> [Task prompt]
For the data below, give again exactly the lines from the one containing "Демисезонный жилет свободного" through the one containing "價格推薦率排名前三依次為:友友山谷農(nóng)莊、田園樂、東山書院;", both ends included, and no others.

> [Supplied material]
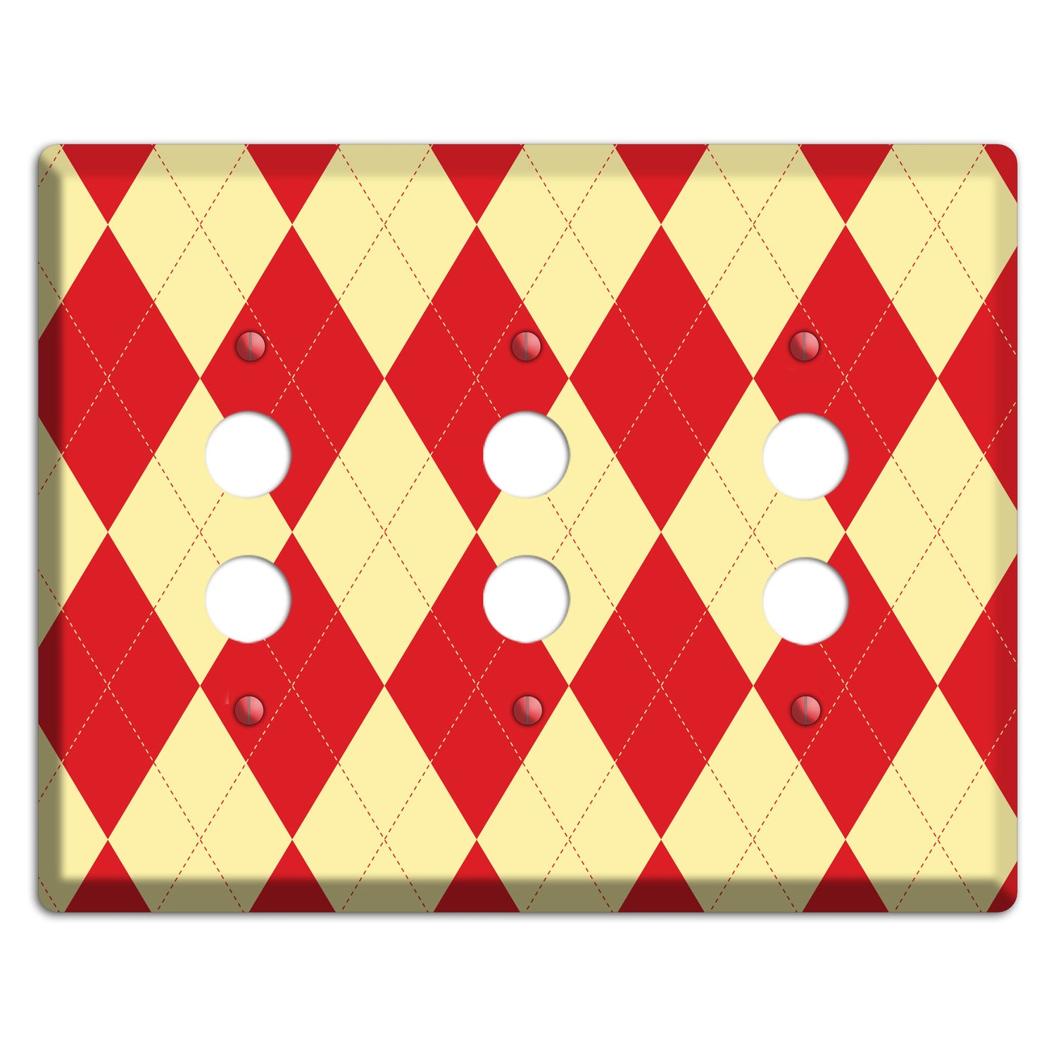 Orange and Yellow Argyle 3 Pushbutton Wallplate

...

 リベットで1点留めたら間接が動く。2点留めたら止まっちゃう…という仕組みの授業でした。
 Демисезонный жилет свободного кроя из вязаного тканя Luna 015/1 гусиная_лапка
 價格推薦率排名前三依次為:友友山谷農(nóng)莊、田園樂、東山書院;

...

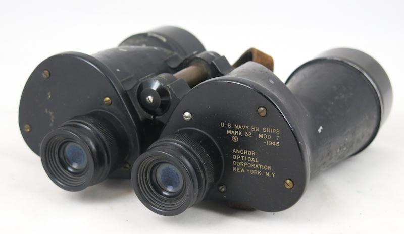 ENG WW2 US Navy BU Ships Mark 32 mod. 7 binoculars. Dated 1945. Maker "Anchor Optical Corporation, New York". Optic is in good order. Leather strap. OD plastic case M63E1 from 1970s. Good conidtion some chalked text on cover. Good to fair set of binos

> [Answer for this exercise]
 Демисезонный жилет свободного кроя из вязаного тканя Luna 015/1 гусиная_лапка
 價格推薦率排名前三依次為:友友山谷農(nóng)莊、田園樂、東山書院;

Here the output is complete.